The deal gets more intriguing still. Flextronics agreed that Motorola could buy the right to exercise the warrants for another $300 million, and capped the future revenue discounts related to the warrants vesting at that price. This is significant, as the disclosure gives Flextronics's investors a solid outside number in calculating the impact of the stock-based rebate program on the company's GAAP earnings per share.

Dykes and vice president of finance Thomas Smach assert that because Motorola isn't required to use Flextronics's manufacturing capacity, and can buy the rights to exercise the warrants for $300 million, the rules for recognizing the warrant expense over the life of the contract don't apply to the deal. However, the $300 million exercise price is reduced each quarter, based on the amount of revenue the company receives from Motorola. This is not a vesting schedule, says Dykes.

Analysts aren't so sure. "They gave away 5 percent of their common stock to get that deal," says Craig Sheets, an analyst at the Center for Financial Research and Analysis. "The $286 million charge should likely be taken over the 18 quarters of the deal, not all at once, and probably as adjustments to revenue, not as an unrelated line item on the income statement."

Wall Street analysts are also skeptical about the accounting treatment. "It seems to me that there are a series of triggers, based on the level of purchases Motorola makes from Flextronics, that allow the options to be exercised," says Chris Whitmore, an electronics- manufacturing services analyst at Deutsche Bank Alex.

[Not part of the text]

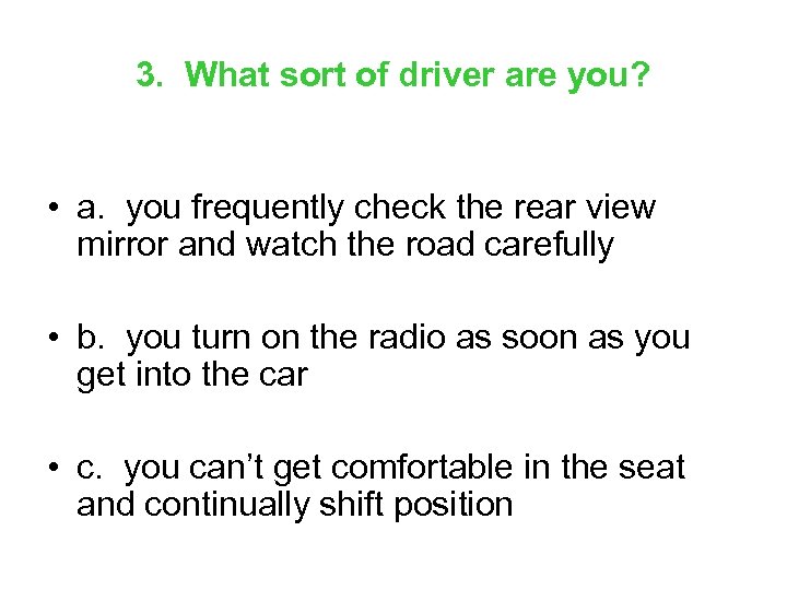 3. What sort of driver are you? • a. you frequently check the rear view mirror and watch the road carefully • b. you turn on the radio as soon as you get into the car • c. you can’t get comfortable in the seat and continually shift position

Brown. A rough estimate shows that by taking the $286 million charge up front, Flextronics will boost its future reported gross margins by $57 million a year, on a GAAP basis. Dykes says that Flextronics structured the deal as it did precisely to avoid the future expenses. "To do it [with a vesting schedule that would value the options over time] would result in too large an expense," he says.

It doesn't matter much to Whitmore. "What matters to me is cash earnings per share," he says. "Companies like Flextronics are valued on an operating cash-flow basis, not on their GAAP net income." The SEC takes the issue seriously, however. That's why it is still prompting the EITF to provide more-detailed guidance for complicated deals like the one between Flextronics and Motorola. "I would be concerned if any company were recognizing charges for equity shares in advance of actually granting them," says the SEC's Turner. "These things are dependent on the specific terms [of the contracts], though, so we would want management to explain the terms of any such deals in a way that investors [could] make their own judgment about the impacts."

CRIME AND PUNISHMENT

Does the market really care about how noncash expenses are reflected in the financial statements? Craig Collins, CFO of CoSine Communications Inc., a network- infrastructure products maker in Redwood City, California, doesn't think so. Last September, the SEC forced his company to revise its financials for the first half of 2000 before going public. CoSine had to cut its revenue number from $11 million to $7.8 million to reflect the value of warrants it had previously issued to six customers.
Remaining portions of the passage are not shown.